Conceived of by Japanese roboticist Masahiro Mori in 1970 to explain the psychological reaction to anthropomorphic robots, or more broadly, any human facsimile, the uncanny valley is a graph (below) that tracks human emotional responses to anthropomorphic machines or other humanoid figures.
Mori found that humans react positively to robots that approach human-like appearance, but there is a point where we see a steep dropoff – i.e. a negative emotional response – when robots or other human facsimiles look too human, but still not quite right. This dropoff is called the uncanny valley, the point at which robots stop being cool and start giving us the creeps. Think about it for a moment. It really bears out in experience, or at least in the media.
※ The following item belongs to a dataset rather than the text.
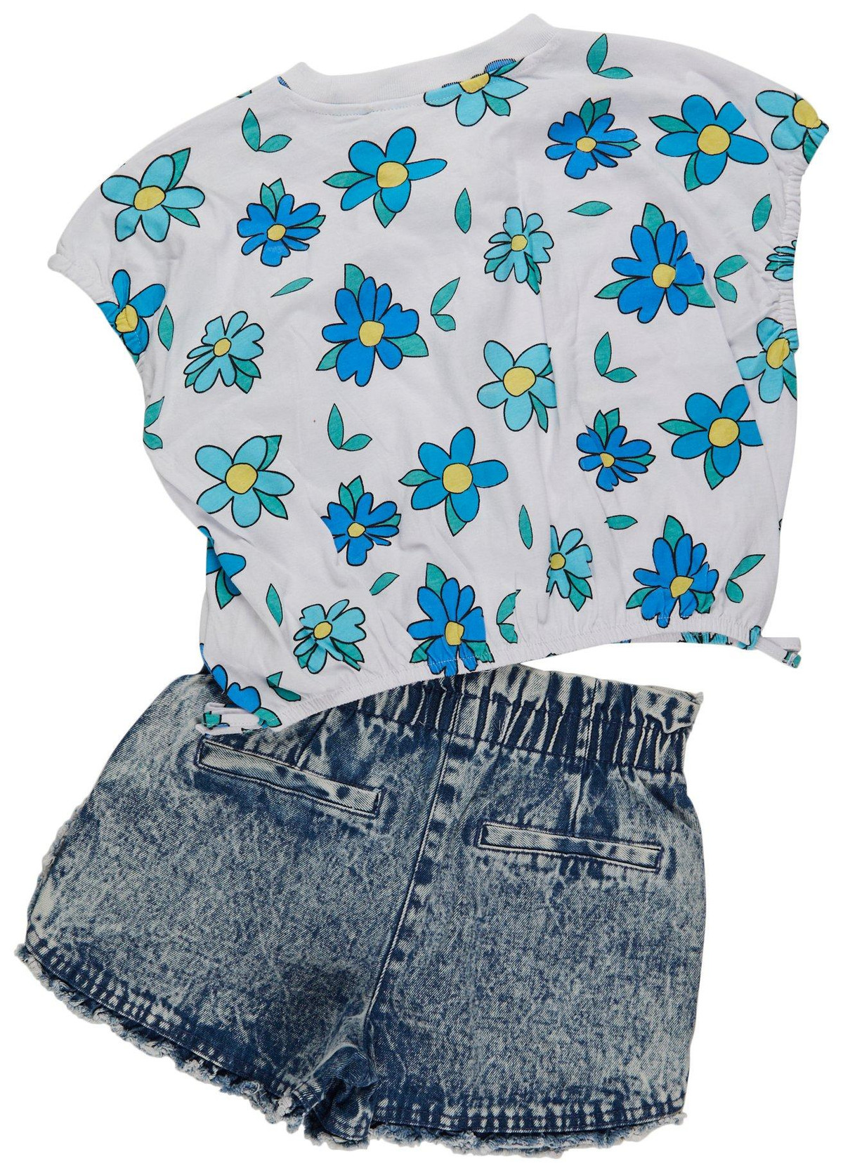 Introducing the Big Girls 2 Pc Denim Shorts Set, a perfect blend of style and comfort. This set features a charming short sleeve floral top paired with high-waisted pull-on denim shorts. Ideal for casual outings or playdates, this outfit offers a trendy and coordinated look. Made for both fashion and ease, it’s a must-have addition to any young girl’s wardrobe.

Mori uses the word “uncanny” based on Sigmund Freud’s elaboration on that concept in his essay “The Uncanny” (1919), which – among other things – attempts to explain the human aversion to dolls and the idea of mechanical beings. Or to put it more generally, “why we get creeped out by stuff.” He relates it to the “primitive” human tendency towards idol worship, taboos surrounding the dead, and the unconscious belief that inanimate things can come come to life.
His concept of the primitive is rather problematic, but his essay goes a long way in explaining the fascination with zombies, aliens, robots, and vampires in pop culture, for example. They are human-like, but not. We are both fascinated and horrified by beings that don’t easily fit into one category or other – dead / alive, human / machine, human / nonhuman, etc. Our brains are uncomfortable with this problem of categorization, and it gets more uncomfortable the further into the “valley” it descends.
My dissertation Die Mensch-Maschine: Technologies of Replication and Reproducation in German-Language Literature and Culture, 1770-2000 and a lot of my research since deals at least tangentially with the uncanny. I’ve even taught a course that examines the uncanny in literature, “Monsters, Madness, and Mechanical Men.” The uncanny also comes up a lot in reference to genre fiction and visual culture, so the concept relates to a lot of what I do here on this site. Occasionally I even mention the uncanny directly in my posts.